Property Original sshpass sshpassx
Password in args (-p) Visible in ps Visible in ps (same)
Password in file (-f) Plaintext file Plaintext file (same)
Password in env (-e) Cleared before exec Cleared before exec
Keychain storage Not supported macOS Keychain (encrypted at rest)
1Password storage Not supported op CLI (encrypted vault, biometric unlock)
In-memory handling Plain string SecretString (zeroized on drop)

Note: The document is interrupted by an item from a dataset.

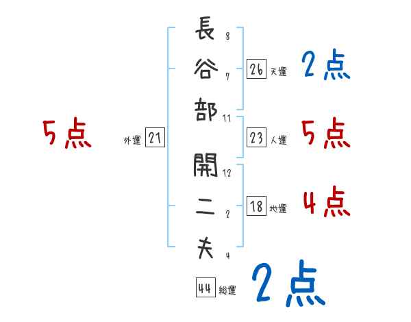 総運![]() | 長谷部開二夫さんの総運は44画の2つ星!誠実で慎重な性格。物事を考えすぎないように注意しましょう。 あなたの人生を表す1番重要な運勢です。生涯を通じて影響する総合運となり、主に50歳以降の晩年期に影響を及ぼします。 |

Recommendation: avoid -p — the password is visible in ps. Use -k with stored passwords for scripts and automation.

Compatibility

Same as original sshpass

  • -p, -f, -d, -e password sources
  • -P prompt pattern matching
  • -v verbose mode
  • Exit codes 0–7
  • Works with any PTY-based password prompt (ssh, scp, sftp, rsync, etc.)

New in sshpassx

  • -k / --key — backend-backed password lookup
  • --store / --delete / --list — password management
  • 1Password backend via SSHPASSX_BACKEND=op
  • Auto-detection of user@host from SSH arguments
  • Interactive fallback when key is missing
  • Context-sensitive --help
  • Cross-platform backend guard (non-macOS → requires 1Password)

Limitations

  • macOS Keychain backend is macOS-only. On other platforms, use SSHPASSX_BACKEND=op.
  • 1Password backend requires the op CLI.
  • No config file — all options via command line and environment variables.